» **AIM OF THE TASK**: Below this line are records; transcribe exactly the lines between the one holding "除了防蓝光眼镜,网络上还流传" and the one holding "16 inch Full", inclusive, and omit the pictures.

» **MATERIAL PROVIDED**:
• • • •
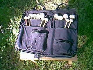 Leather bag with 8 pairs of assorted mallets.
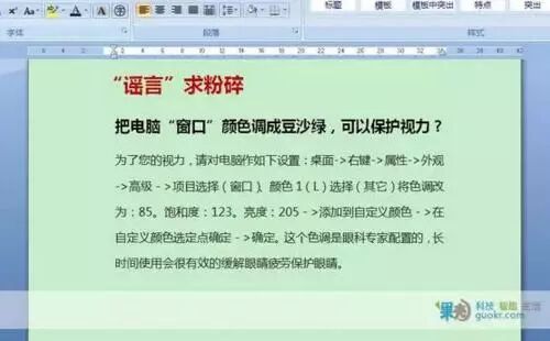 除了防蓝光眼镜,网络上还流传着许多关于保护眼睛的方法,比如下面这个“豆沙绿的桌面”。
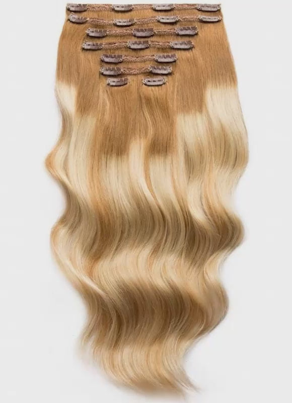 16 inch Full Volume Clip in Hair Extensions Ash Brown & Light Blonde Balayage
• • • •
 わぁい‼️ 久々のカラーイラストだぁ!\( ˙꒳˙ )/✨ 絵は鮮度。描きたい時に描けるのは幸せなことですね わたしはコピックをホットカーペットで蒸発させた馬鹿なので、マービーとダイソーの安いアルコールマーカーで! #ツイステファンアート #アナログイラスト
• • • •
» **TASK RESULT**:
 除了防蓝光眼镜,网络上还流传着许多关于保护眼睛的方法,比如下面这个“豆沙绿的桌面”。
 16 inch Full Volume Clip in Hair Extensions Ash Brown & Light Blonde Balayage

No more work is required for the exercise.